John Francis Campion (December 1849 – July 17, 1916) was a wealthy Canadian-American who made his fortune in mining and sugar production. He was also an executive and investor in banking, railroad, insurance, and other businesses. 

Campion ran away from school as a teen to join the Union Navy during the American Civil War. After the end of the war, Campion became a miner and became an expert on the geology of mining. He fought to maintain possession of his mining interests early in his career, and he became increasingly successful, founding the Ibex Mining Company in Leadville, Colorado in 1891. Two years later, an ore stream was found at the mine that made him a fortune. 

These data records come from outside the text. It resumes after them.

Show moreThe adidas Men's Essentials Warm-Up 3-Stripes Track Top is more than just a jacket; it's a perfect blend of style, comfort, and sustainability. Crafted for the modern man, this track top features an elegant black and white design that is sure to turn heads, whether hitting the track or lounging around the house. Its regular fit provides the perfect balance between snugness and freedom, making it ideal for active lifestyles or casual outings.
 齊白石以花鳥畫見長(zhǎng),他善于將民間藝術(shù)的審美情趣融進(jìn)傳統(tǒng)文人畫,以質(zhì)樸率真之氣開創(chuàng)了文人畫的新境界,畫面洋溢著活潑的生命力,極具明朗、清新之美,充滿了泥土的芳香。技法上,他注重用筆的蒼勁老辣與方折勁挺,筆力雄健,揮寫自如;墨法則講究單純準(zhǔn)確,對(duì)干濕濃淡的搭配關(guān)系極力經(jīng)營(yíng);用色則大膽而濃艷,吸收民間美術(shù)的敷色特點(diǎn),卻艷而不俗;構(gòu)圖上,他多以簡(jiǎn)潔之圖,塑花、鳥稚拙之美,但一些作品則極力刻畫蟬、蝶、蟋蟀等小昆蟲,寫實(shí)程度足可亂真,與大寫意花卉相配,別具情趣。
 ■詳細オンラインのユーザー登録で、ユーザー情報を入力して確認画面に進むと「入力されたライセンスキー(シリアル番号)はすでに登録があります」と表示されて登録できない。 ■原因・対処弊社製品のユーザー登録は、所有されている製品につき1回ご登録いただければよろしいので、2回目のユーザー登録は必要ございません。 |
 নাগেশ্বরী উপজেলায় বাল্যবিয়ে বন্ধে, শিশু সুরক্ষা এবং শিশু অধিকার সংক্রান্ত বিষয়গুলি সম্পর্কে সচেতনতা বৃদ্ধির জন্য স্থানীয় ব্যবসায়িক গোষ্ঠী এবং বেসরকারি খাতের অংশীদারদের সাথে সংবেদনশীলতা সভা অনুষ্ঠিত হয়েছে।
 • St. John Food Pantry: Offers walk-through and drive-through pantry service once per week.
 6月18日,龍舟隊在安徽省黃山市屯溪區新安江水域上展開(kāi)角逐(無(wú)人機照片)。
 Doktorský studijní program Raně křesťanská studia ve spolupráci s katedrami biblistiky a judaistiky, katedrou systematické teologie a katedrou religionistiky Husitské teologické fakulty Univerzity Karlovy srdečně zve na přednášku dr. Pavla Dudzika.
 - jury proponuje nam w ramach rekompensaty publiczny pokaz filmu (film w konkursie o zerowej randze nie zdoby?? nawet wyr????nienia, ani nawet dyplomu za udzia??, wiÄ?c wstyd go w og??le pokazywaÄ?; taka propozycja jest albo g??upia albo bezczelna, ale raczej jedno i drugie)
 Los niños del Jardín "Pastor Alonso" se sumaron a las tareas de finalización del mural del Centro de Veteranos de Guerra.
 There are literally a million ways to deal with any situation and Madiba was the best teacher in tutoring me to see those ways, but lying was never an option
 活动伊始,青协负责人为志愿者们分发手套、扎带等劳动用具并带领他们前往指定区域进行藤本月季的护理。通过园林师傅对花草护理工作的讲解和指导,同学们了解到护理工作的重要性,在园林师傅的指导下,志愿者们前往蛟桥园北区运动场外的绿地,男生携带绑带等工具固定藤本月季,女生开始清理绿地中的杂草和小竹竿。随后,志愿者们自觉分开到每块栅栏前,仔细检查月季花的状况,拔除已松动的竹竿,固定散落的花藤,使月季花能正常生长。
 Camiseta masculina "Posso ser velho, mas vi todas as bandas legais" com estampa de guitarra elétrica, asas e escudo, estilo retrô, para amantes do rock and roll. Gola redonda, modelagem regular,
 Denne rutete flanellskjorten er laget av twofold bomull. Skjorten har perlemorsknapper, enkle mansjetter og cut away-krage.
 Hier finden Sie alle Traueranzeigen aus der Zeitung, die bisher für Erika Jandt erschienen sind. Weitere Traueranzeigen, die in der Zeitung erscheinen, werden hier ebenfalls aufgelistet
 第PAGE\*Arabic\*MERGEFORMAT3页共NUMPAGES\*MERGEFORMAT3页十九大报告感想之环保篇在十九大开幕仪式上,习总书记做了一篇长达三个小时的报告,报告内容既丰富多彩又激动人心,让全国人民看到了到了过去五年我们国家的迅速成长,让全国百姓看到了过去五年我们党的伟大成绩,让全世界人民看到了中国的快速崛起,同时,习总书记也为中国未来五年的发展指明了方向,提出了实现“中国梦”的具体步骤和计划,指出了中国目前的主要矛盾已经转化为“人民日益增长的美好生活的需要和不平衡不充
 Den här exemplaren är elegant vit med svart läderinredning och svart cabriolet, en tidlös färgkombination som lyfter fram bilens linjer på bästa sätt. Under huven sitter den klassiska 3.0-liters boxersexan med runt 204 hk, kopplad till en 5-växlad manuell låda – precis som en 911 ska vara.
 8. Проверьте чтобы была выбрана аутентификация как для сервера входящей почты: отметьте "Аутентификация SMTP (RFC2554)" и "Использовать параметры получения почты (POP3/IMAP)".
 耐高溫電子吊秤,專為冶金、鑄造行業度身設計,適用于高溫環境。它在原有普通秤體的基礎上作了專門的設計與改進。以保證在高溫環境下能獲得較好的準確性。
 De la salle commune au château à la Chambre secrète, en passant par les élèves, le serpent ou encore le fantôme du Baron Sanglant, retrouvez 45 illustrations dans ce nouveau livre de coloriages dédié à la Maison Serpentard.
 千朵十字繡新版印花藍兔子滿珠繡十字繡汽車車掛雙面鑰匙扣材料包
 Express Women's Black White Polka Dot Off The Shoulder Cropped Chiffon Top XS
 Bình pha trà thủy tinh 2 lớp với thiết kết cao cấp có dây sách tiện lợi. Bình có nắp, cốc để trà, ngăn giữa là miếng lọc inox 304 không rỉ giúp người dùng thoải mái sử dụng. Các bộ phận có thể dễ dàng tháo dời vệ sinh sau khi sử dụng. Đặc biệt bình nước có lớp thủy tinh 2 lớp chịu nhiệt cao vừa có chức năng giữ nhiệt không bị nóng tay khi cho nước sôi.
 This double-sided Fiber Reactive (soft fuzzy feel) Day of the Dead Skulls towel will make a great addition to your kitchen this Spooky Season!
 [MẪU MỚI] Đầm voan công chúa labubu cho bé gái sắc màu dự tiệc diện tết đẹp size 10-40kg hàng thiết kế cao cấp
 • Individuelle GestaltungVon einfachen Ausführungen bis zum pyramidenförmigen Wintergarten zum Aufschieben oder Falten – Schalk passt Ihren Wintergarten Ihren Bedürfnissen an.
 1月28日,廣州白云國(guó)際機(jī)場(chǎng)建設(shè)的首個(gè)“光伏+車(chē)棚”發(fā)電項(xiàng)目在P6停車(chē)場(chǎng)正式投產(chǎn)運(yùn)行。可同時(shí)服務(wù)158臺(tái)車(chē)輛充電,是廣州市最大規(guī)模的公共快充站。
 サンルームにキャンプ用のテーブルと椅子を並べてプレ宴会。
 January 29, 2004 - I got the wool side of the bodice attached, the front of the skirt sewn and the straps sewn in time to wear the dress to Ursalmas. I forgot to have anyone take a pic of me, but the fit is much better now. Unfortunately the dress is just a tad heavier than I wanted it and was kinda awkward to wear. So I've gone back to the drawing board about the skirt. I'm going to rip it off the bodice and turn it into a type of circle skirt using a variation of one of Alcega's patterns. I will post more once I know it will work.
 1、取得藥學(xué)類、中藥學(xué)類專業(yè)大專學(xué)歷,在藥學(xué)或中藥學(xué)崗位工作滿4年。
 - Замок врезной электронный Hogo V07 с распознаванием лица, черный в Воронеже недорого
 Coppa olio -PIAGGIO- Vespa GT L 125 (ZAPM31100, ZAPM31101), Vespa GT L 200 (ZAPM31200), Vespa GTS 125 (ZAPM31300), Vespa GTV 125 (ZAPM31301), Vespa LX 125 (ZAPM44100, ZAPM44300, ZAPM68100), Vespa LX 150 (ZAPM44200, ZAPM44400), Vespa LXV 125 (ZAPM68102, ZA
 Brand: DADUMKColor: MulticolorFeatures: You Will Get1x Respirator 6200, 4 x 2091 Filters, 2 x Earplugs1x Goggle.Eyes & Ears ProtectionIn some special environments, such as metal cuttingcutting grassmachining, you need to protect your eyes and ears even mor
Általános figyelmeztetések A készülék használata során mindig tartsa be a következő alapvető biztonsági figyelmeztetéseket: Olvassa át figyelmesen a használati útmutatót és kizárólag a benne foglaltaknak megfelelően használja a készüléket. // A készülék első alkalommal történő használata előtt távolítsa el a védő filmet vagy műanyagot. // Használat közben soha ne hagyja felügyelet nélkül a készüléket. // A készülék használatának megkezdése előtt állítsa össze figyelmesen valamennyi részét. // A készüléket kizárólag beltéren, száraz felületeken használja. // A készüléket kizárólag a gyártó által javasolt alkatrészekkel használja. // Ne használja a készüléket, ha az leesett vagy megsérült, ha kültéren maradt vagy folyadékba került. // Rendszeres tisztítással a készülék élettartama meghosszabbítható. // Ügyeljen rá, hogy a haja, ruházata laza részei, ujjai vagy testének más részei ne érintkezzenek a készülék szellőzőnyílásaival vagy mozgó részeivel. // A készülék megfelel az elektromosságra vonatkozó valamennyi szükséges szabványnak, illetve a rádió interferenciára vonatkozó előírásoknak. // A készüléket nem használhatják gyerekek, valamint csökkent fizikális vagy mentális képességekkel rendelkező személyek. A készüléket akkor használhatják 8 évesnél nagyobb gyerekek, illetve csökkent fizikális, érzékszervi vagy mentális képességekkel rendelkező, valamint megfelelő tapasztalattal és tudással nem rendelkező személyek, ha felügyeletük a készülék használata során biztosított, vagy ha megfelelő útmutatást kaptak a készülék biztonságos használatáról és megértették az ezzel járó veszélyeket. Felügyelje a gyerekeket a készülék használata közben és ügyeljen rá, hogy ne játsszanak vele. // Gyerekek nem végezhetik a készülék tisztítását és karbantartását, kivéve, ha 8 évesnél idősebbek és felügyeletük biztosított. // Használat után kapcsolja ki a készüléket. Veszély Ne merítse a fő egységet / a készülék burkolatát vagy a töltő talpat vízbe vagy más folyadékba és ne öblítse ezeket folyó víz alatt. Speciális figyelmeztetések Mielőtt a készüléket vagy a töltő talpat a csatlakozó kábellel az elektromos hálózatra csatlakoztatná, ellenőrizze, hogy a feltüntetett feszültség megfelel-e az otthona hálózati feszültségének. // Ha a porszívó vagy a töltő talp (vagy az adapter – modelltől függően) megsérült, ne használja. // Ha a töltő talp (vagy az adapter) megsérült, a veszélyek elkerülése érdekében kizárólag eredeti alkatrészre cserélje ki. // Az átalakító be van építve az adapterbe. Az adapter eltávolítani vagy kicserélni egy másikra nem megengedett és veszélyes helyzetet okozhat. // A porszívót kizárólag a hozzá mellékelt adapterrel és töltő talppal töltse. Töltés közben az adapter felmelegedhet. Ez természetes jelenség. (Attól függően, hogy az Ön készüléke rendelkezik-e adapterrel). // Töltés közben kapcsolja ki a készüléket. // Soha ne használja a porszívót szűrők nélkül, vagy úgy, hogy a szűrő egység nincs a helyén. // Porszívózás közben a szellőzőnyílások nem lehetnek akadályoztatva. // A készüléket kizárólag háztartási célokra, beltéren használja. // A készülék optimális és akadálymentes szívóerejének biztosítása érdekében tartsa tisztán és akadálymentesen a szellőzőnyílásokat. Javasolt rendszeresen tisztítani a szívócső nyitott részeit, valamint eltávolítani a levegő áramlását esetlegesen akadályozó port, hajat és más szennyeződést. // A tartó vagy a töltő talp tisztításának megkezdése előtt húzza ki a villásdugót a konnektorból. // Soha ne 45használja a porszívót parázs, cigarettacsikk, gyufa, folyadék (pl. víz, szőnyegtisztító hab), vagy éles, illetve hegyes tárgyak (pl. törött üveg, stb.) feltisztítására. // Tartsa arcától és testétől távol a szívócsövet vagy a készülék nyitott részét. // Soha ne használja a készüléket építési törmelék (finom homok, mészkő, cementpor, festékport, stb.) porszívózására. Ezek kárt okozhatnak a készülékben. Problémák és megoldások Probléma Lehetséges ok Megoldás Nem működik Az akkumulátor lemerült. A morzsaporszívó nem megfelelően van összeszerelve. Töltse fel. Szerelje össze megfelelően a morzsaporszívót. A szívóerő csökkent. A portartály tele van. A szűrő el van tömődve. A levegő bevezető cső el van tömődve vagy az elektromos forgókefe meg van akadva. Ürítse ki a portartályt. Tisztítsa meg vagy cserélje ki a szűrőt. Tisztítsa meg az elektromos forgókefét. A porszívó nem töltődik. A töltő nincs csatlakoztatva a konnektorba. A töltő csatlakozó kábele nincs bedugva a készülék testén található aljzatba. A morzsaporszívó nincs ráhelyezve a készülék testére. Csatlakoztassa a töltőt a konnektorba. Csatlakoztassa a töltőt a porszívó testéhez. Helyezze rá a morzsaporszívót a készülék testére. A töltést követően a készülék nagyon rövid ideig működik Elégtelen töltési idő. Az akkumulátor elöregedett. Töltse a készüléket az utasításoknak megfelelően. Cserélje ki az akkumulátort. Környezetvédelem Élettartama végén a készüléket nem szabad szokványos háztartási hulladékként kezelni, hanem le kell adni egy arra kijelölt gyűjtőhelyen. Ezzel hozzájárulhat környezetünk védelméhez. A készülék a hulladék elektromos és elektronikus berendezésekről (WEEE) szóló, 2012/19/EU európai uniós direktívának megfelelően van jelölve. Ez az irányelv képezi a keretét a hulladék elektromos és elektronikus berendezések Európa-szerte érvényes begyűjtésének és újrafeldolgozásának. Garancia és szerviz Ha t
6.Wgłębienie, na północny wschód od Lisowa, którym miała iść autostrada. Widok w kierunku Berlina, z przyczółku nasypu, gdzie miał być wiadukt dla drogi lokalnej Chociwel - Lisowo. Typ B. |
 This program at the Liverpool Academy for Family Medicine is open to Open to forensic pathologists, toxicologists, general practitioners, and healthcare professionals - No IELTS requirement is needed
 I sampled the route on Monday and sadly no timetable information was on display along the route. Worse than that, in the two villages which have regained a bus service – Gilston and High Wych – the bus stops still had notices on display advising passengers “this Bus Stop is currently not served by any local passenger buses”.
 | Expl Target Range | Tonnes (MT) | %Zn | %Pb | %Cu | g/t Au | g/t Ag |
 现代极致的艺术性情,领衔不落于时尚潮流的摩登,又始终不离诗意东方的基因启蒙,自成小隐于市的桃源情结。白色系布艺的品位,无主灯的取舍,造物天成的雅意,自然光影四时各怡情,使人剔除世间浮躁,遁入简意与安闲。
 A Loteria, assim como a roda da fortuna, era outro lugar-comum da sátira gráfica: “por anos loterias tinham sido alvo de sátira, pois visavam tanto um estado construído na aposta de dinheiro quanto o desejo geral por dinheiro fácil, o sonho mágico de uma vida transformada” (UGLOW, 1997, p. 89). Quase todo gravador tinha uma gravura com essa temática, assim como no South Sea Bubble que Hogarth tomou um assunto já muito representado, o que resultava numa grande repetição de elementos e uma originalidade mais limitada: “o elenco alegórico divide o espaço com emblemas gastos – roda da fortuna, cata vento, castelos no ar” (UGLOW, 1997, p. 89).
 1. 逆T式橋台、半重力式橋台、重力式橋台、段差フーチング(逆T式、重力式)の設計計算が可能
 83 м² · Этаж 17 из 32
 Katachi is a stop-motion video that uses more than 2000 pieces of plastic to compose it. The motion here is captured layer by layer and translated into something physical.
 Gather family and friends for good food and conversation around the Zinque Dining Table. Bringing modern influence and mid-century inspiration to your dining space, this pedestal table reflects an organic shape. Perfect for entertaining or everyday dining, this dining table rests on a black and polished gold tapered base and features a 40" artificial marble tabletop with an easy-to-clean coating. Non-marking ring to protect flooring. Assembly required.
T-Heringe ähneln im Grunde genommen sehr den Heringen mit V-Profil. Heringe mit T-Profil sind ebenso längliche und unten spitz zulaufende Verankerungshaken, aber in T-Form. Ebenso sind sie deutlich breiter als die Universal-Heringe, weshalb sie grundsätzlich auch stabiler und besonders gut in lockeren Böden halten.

He was a co-founder of what is now called the Denver Museum of Nature and Science and was president of the board of trustees until his death in 1916. He donated his rare collection of native gold, which is among the best in the world.

Early life 
John Francis Campion was born in December 1849 on Prince Edward Island, Canada to Helen (nee Fehan) Campion and Michael Brevort, a shipbuilder and legislator. His grandparents, John F. Campion, Sr. and Elizabeth Campion, were Irish immigrants who settled in Price Edward Island in 1823. The family had been wealthy landowners in Ireland and England.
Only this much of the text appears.